Publication number: CN104063520A
Application number: CN201410342031.5A
Authority: CN
Inventors: 李鹏; 张楷卉
Original assignee: Harbin University of Science and Technology
Current assignee: Harbin University of Science and Technology
Priority date: 2014-07-17
Filing date: 2014-07-17
Publication date: 2014-09-24

Abstract

The invention relates to an unbalance data classifying method based on cluster sampling kernel transformation and belongs to the field of unbalance data classification. The unbalance data classifying method based on cluster sampling kernel transformation aims to solve the problem that a traditional unbalance data classifying method is poor in classifying effect. The unbalance data classifying method based on cluster sampling kernel transformation comprises the steps that (1) unbalance data to be classified are vectorized, and an unbalance data set is obtained; (2) resample is conducted on vectors in the unbalance data set based on a dynamic self-organizing map cluster sampling method, and an unbalance data set is obtained after resample is conducted; (3) a kernel function of a classifier SVM is transformed, the unbalance data set obtained in the step (2) after resample is conducted is classified by using the classifier SVM obtained after kernel transformation is conducted, and a classified unbalance data set is obtained.
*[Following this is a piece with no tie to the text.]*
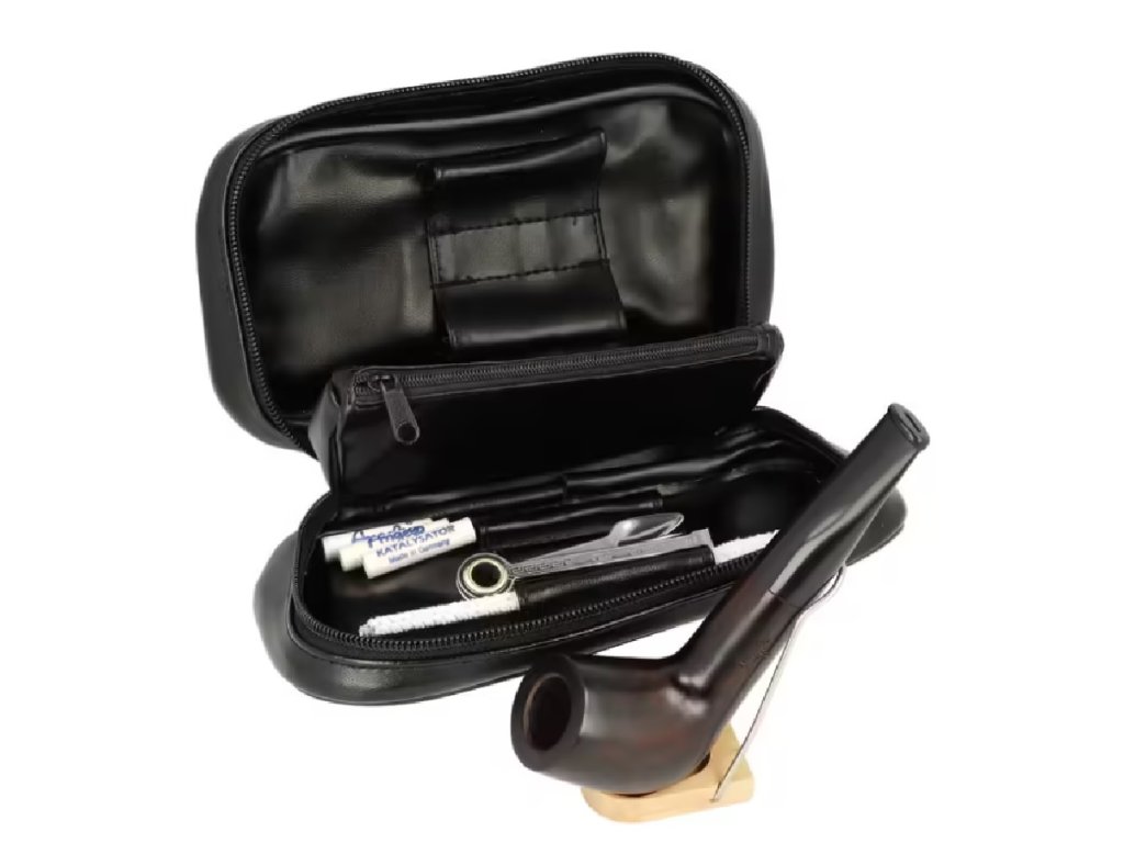 Praktická sada pro kuřáky dýmky - startovací set. Dýmková sada obsahuje rovnou briárovou dýmku Angelo s filtrem 9 mm, černé koženkové pouzdro na dýmku se zipem, nerezové ťapťátko, dýmkové filtry a čističe dýmky. Dárková sada je vhodná jako dárek pro začínajícího kuřáka dýmky, kterým jistě uděláte radost. Zobrazený stojánek není součástí balení dýmky.; Rovná dýmka Angelo je ve tmavém hnědém provedení s nevýraznou kresbou. Na boční straně dýmky najdeme rytý nápis "Angelo". Hladká hlava dýmky je lesklá, černý akrylátový náustek taktéž.; Filtr do dýmky: 9 mm; Délka dýmky: 143 mm; Výška hlavy: 52 mm; Šířka hlavy: 37 mm; Průměr tabákové komory: 18 mm; Hloubka tabákové komory: 35 mm; Hmotnost dýmky: 48 g; ;Druh dýmky dle materiálu: dýmka briár; Distributor: Fortis-DB, spol. s r.o.; Obsah balení: 1x dýmka, 1x dusátko, 3x filtry do dýmky, 3x dýmkové čističe, 1x pouzdro na dýmkuDoplňkové parametry

The unbalance data classifying method based on cluster sampling kernel transformation is applied to medical diagnoses, insurance and other fraud detection, protein detection, fault detection, client loss prediction and other fields.

Description

Unbalanced data classification method based on clustering sampling kernel transformation

Technical Field

The present invention is in the field of unbalanced data classification.

Background

The classification problem oriented to the unbalanced data set is a difficult problem in the field of natural science, and has important practical application value in various fields such as biology, medicine, engineering, calculation and the like. It has been proved that the traditional classification method can not achieve satisfactory recognition effect under the condition of unbalanced data category. Therefore, how to find a classification method adaptive to the characteristics of the unbalanced data set is a direction worthy of further exploration.

The classification problem is a very important one in data mining tasks, and the goal is to generalize general descriptions of each class according to the existing classes of data. The classification technology based on machine learning, especially the learning method based on samples, has been the most effective approach for pattern recognition and classifier design through more than 20 years of continuous development. The existing classification technology can better solve the problems and applications that most of the existing classification technology has the characteristics of relatively small data volume, relatively complete labeling, relatively uniform data distribution and the like. However, the classification problem facing unbalanced data remains one of the most challenging difficulties in classification technology research. In the case of data imbalance, the samples cannot accurately reflect the data distribution of the entire space. For example, when a binary classification strategy is adopted, the number of samples of a positive case may only account for a small proportion of all samples, and the classifier is easily submerged by large classes and ignores small classes, thereby forming a 'data flooding' phenomenon, so that the classification performance is greatly reduced, and even fails.

Disclosure of Invention

The invention aims to solve the problem that the traditional unbalanced data classification method is poor in classification effect, and provides an unbalanced data classification method based on clustering sampling kernel transform.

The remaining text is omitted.